Вообще-то мне, как обычно, в Альпы. И по поводу этого направления на мне, кроме рюкзака, болтаются лыжи. Если их рассматривать не в качестве транспорта, но в качестве аксессуара, то городу вне времени года должно быть все равно. И вообще, все всему равно, как нас научили постмодернисты. Не все ли равно, как проникать в Лувр – через пирамиду, куб, или шар? Впрочем, я предпочитаю проникать со служебного входа. Мне там без очереди и бесплатно. Редкое место на земле, где пресс-карта приносит пользу. Блин, с лыжами в Лувр не пустят. Не потому, что жрецы искусства против зимних видов спорта, а потому что там у них, – я помню, – слишком маленькое расстояние от сканера до стенки. То есть лыжи засунуть в сканер, такой, как в аэропорту, можно, а вытащить будет нельзя.
II.
Я уже шел здесь вот так однажды, вдоль берега Сены от Лионского вокзала, мимо Люксембургского сада, к бульвару Распаль. С теми же лыжами, кстати. Год не вспомню, а временем года был март.
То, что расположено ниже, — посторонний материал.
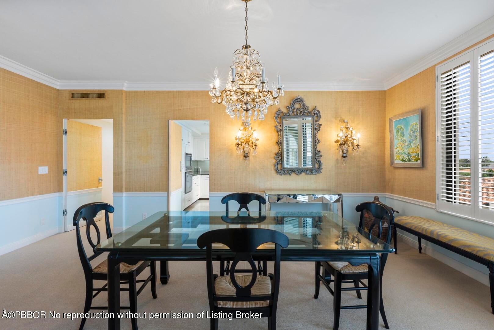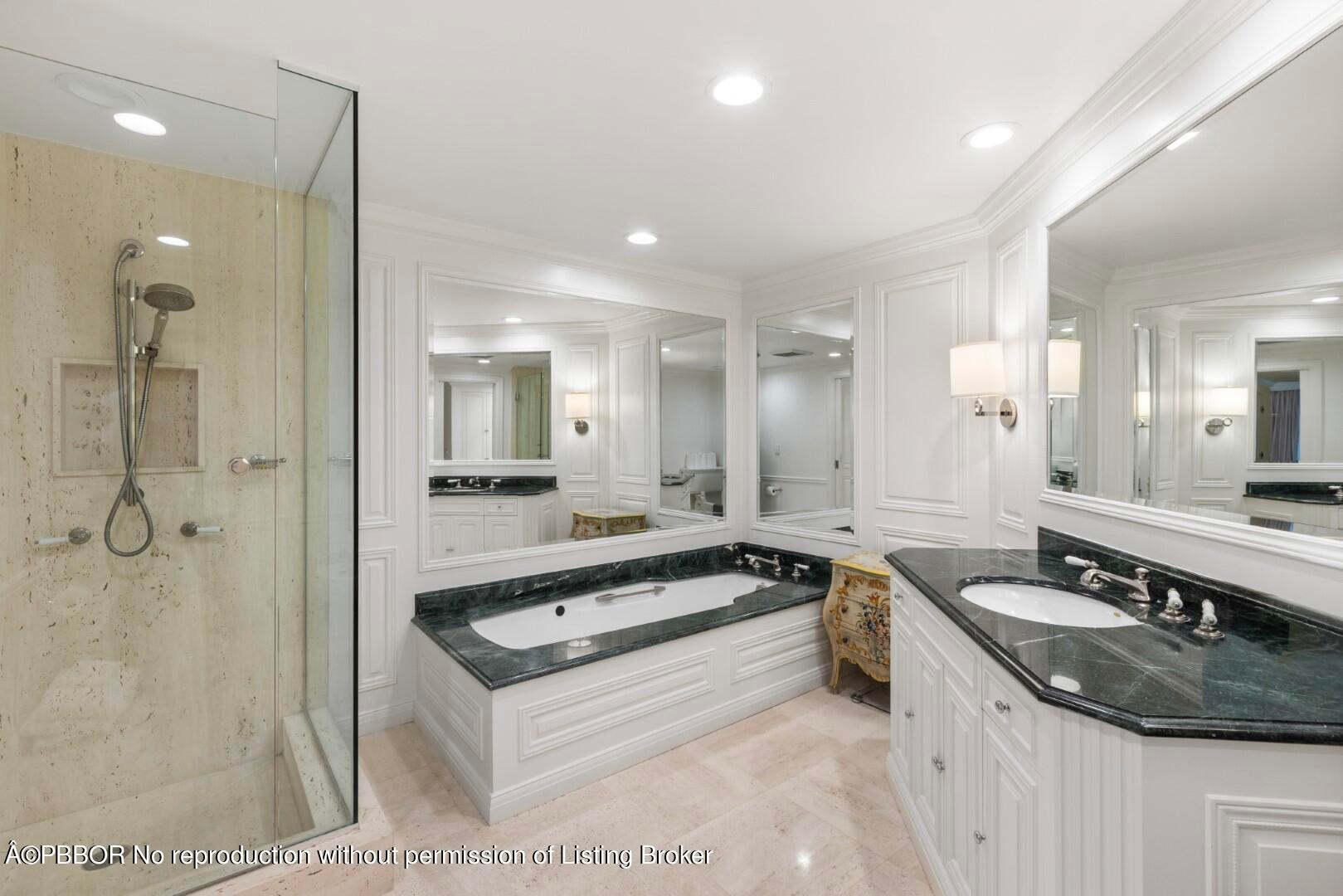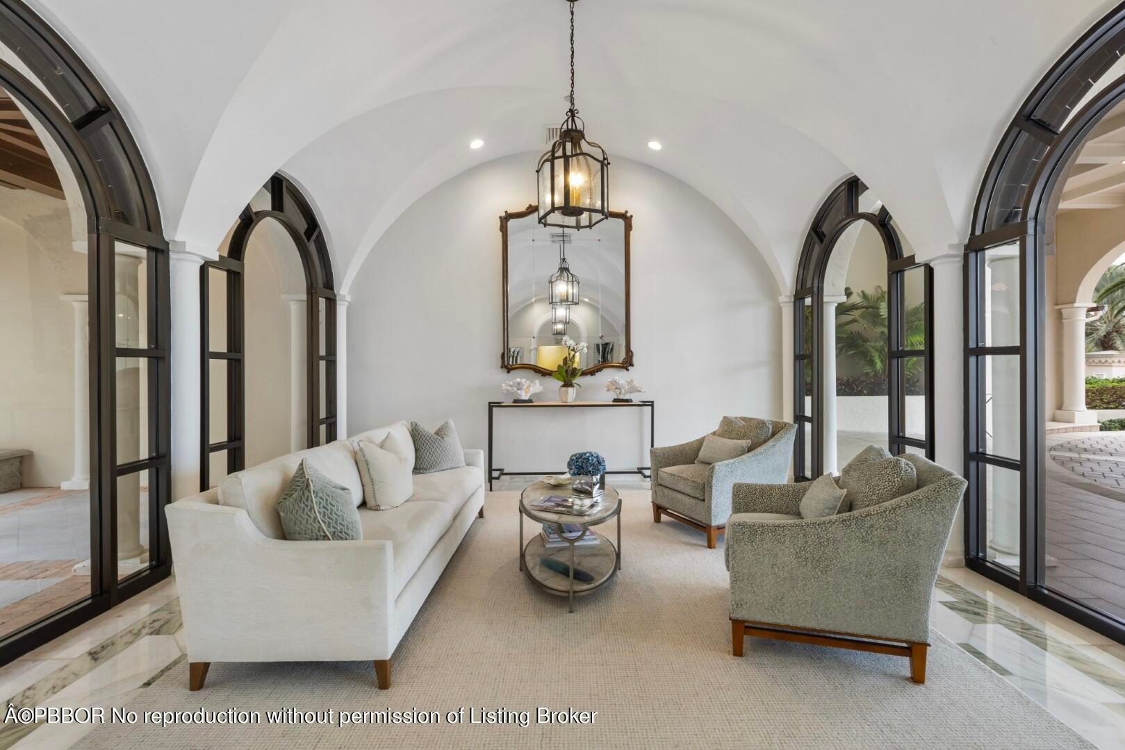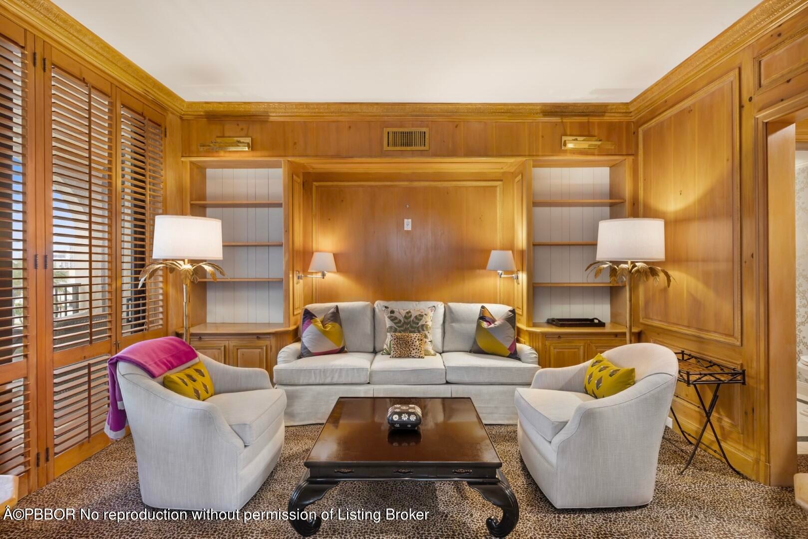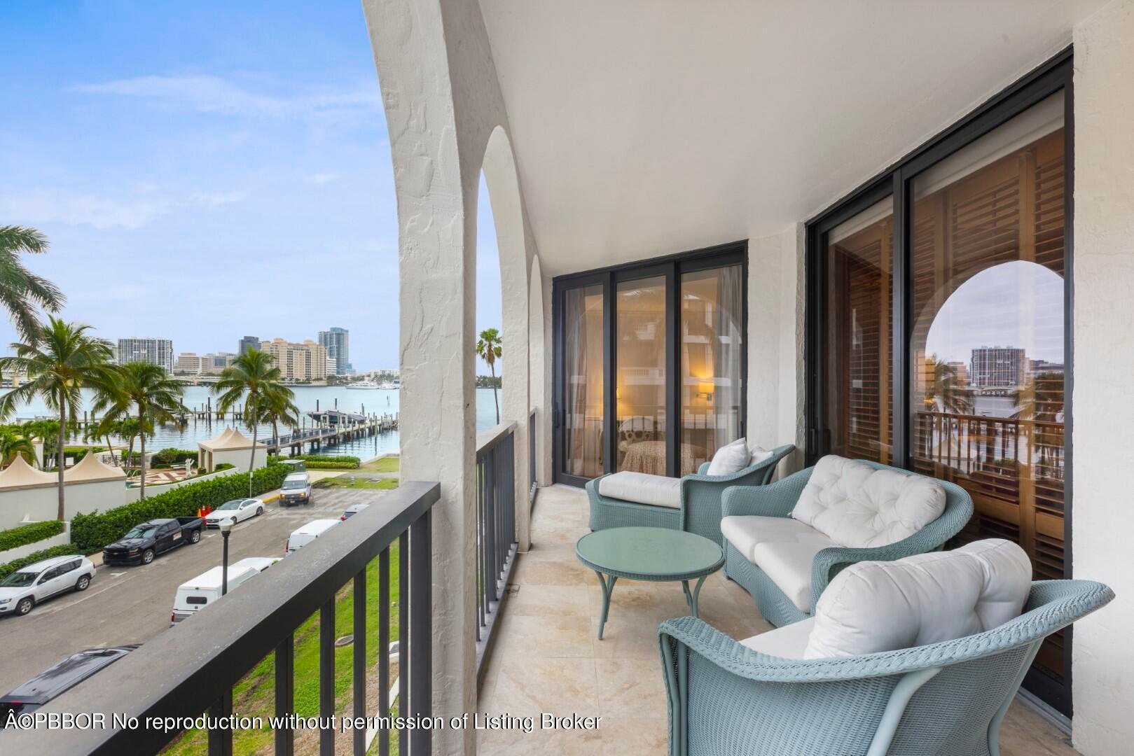 Enjoy Palm Beach luxury condo living with this beautiful 3BR/2.1BA unit in the fantastic full-service L'Ermitage. Highlights include beautiful, paneled library with built-ins, gourmet eat-in kitchen, and gorgeous views of the Intracoastal. Large primary suite with dressing area and dual walk-in closets. Spacious, light-filled great room perfect for entertaining. Additional features include two balconies, private elevator vestibule, impact windows, and poolside cabana. Located in the center of town, the L'Ermitage features beautiful courtyard entry, full-time manager, serene pool area, exercise facilities, and tennis court.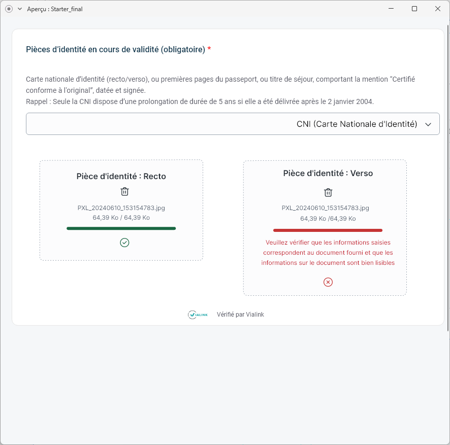 En quelques secondes, Document Recognition valide (en vert) ou invalide le document (en rouge).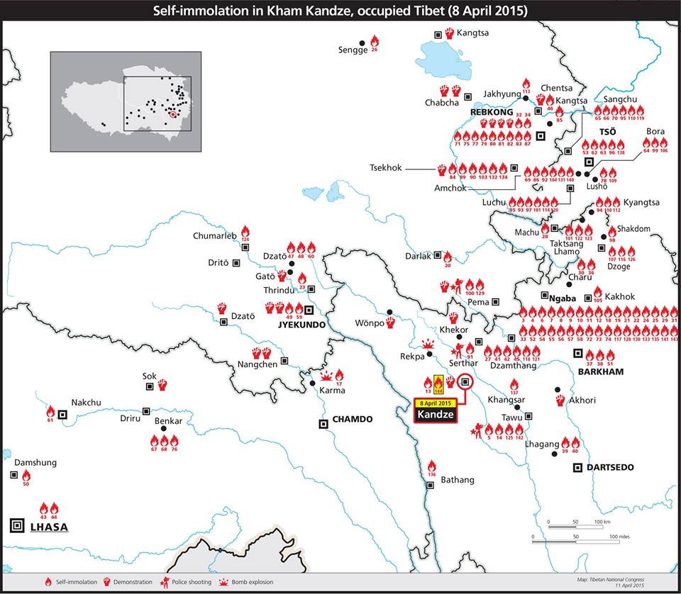 これまでチベット内で起こった主な抵抗運動と焼身発生地を示した地図。マークされているのが今回のカンゼ。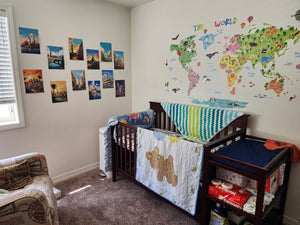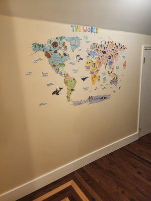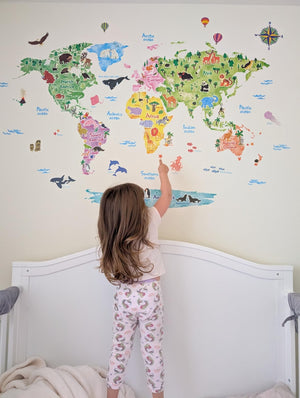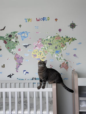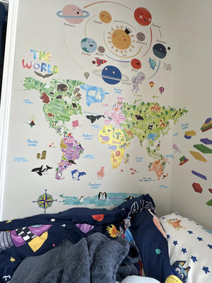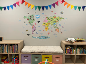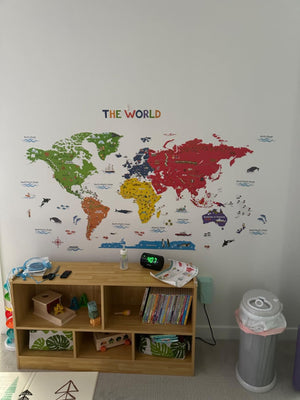 Probeer deze wereldkaart sticker zonder risico! Met onze 14-dagen geld-terug garantie kunt u ze zorgeloos uitproberen en zien hoe ze de kinderkamer transformeren in een kleurrijke speelplek. Uw tevredenheid is gegarandeerd.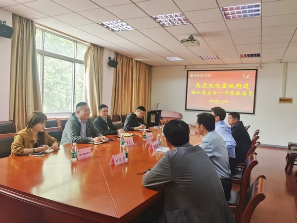 4月22日上午,江北新区盘城街道党工委副书记、办事处主任徐从根一行来遥感与测绘工程学院就科技项目招商、研产贯通进行交流。学院党委书记耿小雷、副院长王国杰以及教师代表参加交流会。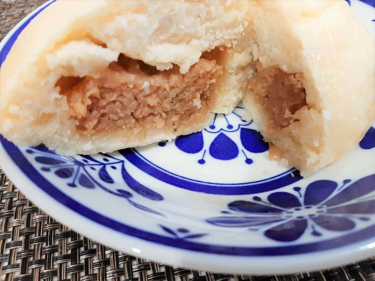 お肉の旨味と中華風の味付けがマッチ。生地に油が染み出すほどジューシーな肉まんです。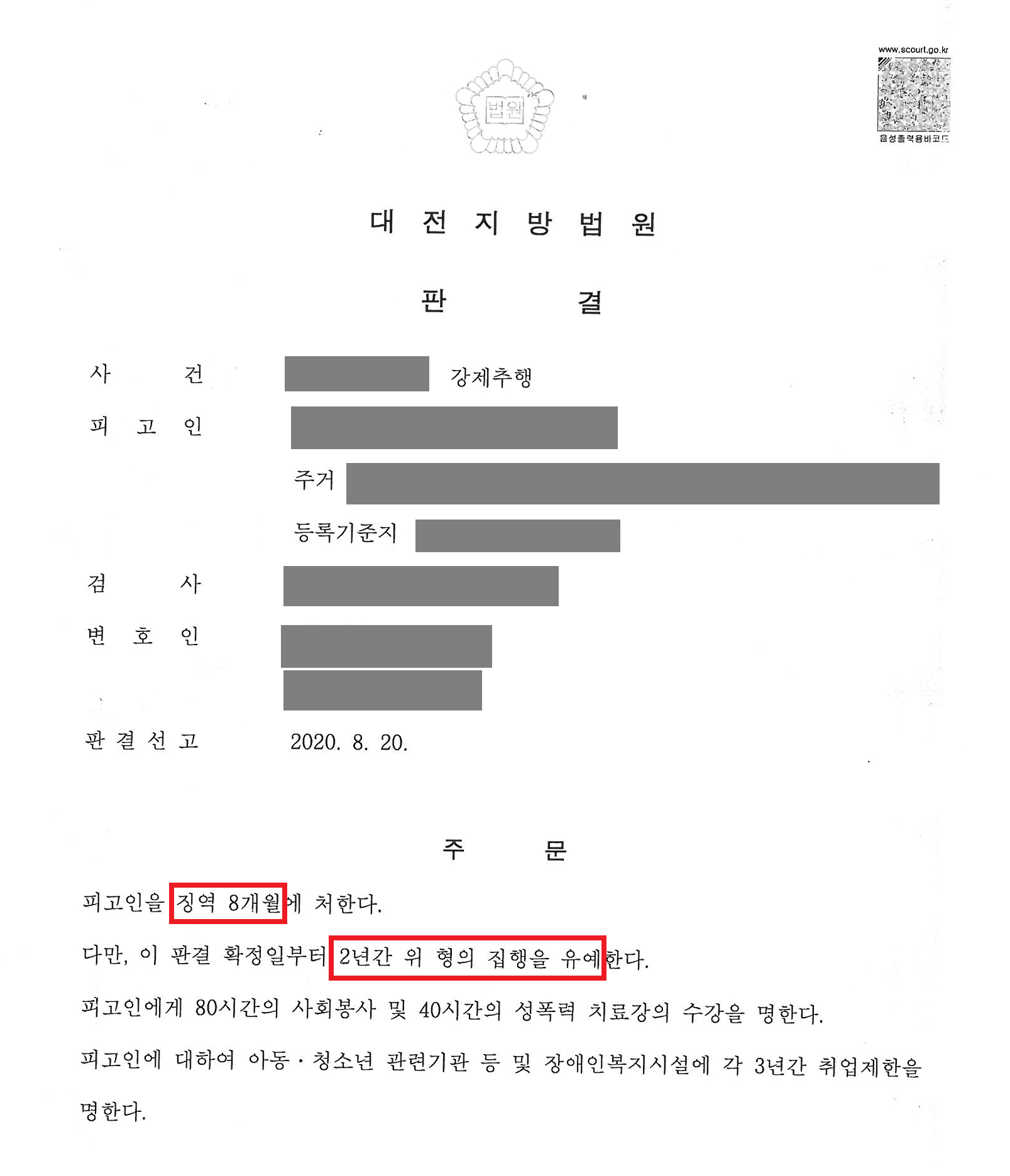 검찰은 피고소인을 강제추행죄로 기소하였고, 가해자는 뒤늦게 법원에서 자신의 잘못을 인정하고 반성하는 태도를 보였습니다. 법원은 가해자에게 징역 8개월, 집행유예 2년을 선고하였으며, 의뢰인은 결국 가해자로부터 정식으로 사과를 받고 피해보상금도 받을 수 있었습니다.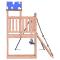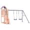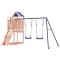 Aire de jeux d'extérieur bois massif de douglasVous voulez donner à vos enfants la liberté de jouer à la maison ? Cet ensemble de jeu d'extérieur en bois transforme votre jardin en un terrain de jeu propice aux aventures imaginatives ! Matériau durable : ce cadre d'aire de jeux de jardin est fabriqué en bois de douglas massif. Le bois de douglas est connu pour sa résistance et sa durabilité. Sa couleur brun rougeâtre riche et ses grains uniques dégagent une ambiance chaleureuse et naturelle. Sa stabilité et sa résistance aux intempéries sont idéales pour la fabrication de meubles d'intérieur et d'extérieur.Cadre en bois stable : le cadre en bois de la maisonnette de jardin garantit sa robustesse et sa stabilité. De plus, les pieds en forme de A de la balançoire pour enfants permettent de garder l'équilibre.Centres multi-activités : le cadre d'escalade est doté d'une plate-forme de 90 cm de hauteur et se distingue par son mur d'escalade, une double balançoire ainsi qu'un bac à sable. Vos enfants peuvent également inviter leurs amis à s'amuser.Conception réfléchie : les garde-corps en bois qui entourent l'abri sont conçus pour assurer la sécurité des enfants pendant qu'ils s'amusent. De plus, le toit en forme de nuage offre de l'ombre à vos enfants pendant les chaudes journées d'été.Plaisir sans fin : cette aire de jeux d'extérieur en bois est le moyen idéal pour vos enfants et leurs amis de se divertir, d'avoir plus de temps interactif et de créer des souvenirs pour vous et vos enfants ! Attention :Uniquement pour un usage domestiqueUtilisation extérieureNe convient pas aux enfants de moins de 3 ansÂge recommandé : 3-8 ansPoids maximal par utilisateur : 45 kg Bon à savoir :Le produit doit être ancré afin de réduire les risques de basculement. Les ancrages ne sont pas inclus. Avertissement. Ne convient pas aux enfants de moins de 3 ans. Usage domestique uniquement. GPSR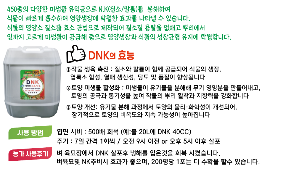 450종의 다양한 유익균으로 N.K(질소/칼륨) 분해하여 미생물 2차대사산물효소제 입니다.식물에게 각종 영양공급 촉진과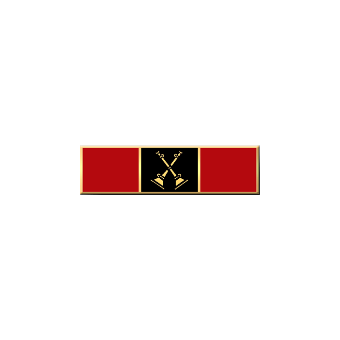 Impressive three section commendation bar with a two crossed fire horns in the center section. Recognizing the Battalion Chief in your department. The symbol(s) are built into the die and cannot be changed.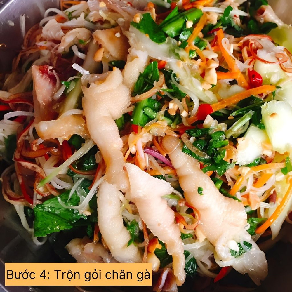 Gỏi chân gà rút xương là món ăn ngon miệng với hương vị thanh mát, giòn giòn của chân gà kết hợp cùng vị chua ngọt từ nước trộn gỏi. Món này rất thích hợp cho những bữa ăn nhẹ hoặc làm món nhậu cùng bạn bè.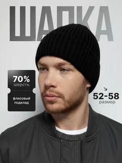 Шапка зимняя бини с флисом вязаная с отворотом
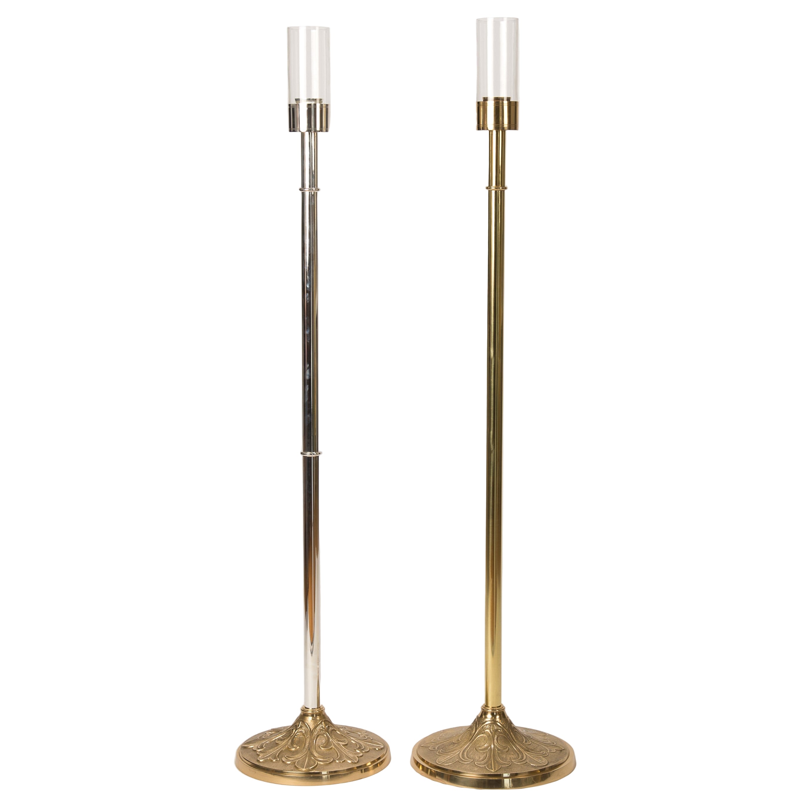 Glass enclosed processional candle stick and base stand set.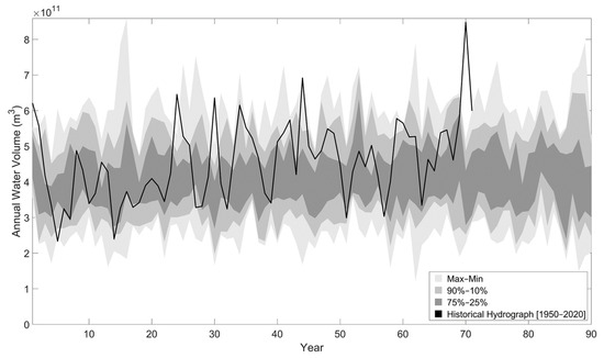 Statistical summary of 16 projected hydrographs for the Lower Mississippi River at the Tarbert Landing, Louisiana station. The historically recorded hydrograph at the same station from 1950–2020 is shown for comparison.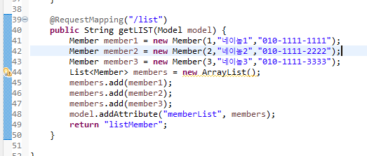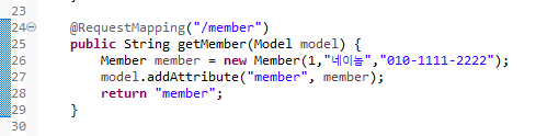 Member 객체에 값을 넣고 member.html로 객체를 model을 통해 전달합니다.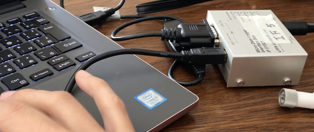 ①専用のインターフェイスを使って、データロガーとPCを接続し、加速度サンプリングレート(今回は20Hz)など設定値をロガーにセットする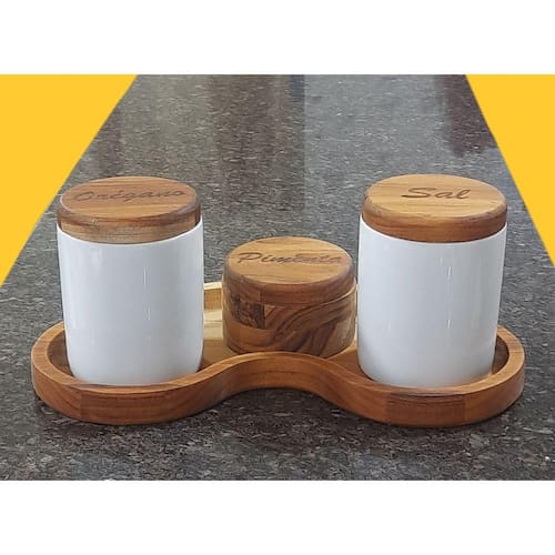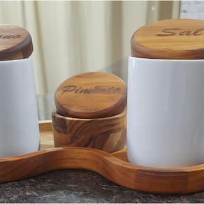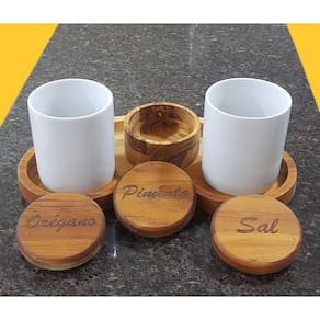 Pote Madeira Teca: 3,6cm x 8,2cm Capacidade 200ml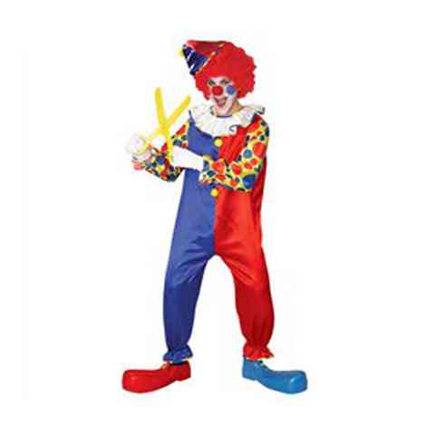 Ovaj je kostim za klaune izrađen od klasičnih boja kao što su plava, crvena, žuta. Na okovratniku kostima se pojavljuju lijepi ukrasi sa šarenim šavovima. Velika žuta dugmad čine odjeću vrlo veselom. Kostim se pomalo sjaji. Lako se čisti, materijal je odličan. U setu se samo klaunska odjeća nalazi, ostali dodaci kao nos i perika se posebno mogu kupiti.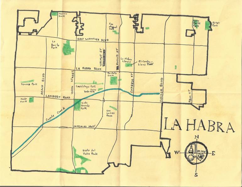 In 2019, I visited and explored the city of La Habra in North Orange County for my series, "California Fool's Gold." It was a rainy Monday and it seemed, therefore, like most things were closed. The exploration and map are included here:

Двадцатое марта. Чтоб не беспокоить демонов воспоминаний, перехожу на противоположный берег. Сменить маршрут.
Часть нового маршрута должна пройти через виртуальную рельность. Мне нужна розетка и wi-fi… Иду в Макдональдс на Риволи, чтобы превратить фастфуд в модем, выхожу его посредством в интернет, нахожу адреса хостелов, выбираю ближайший. Кто обладает ноутбуком и розеткой, тот всегда найдет крышу над головой. Да, еще надо бы иметь 25 евро за койку на ночь. Это не проблема. Кто обладает розеткой и ноутбуком, тот всегда сможет заработать свои 25 евро.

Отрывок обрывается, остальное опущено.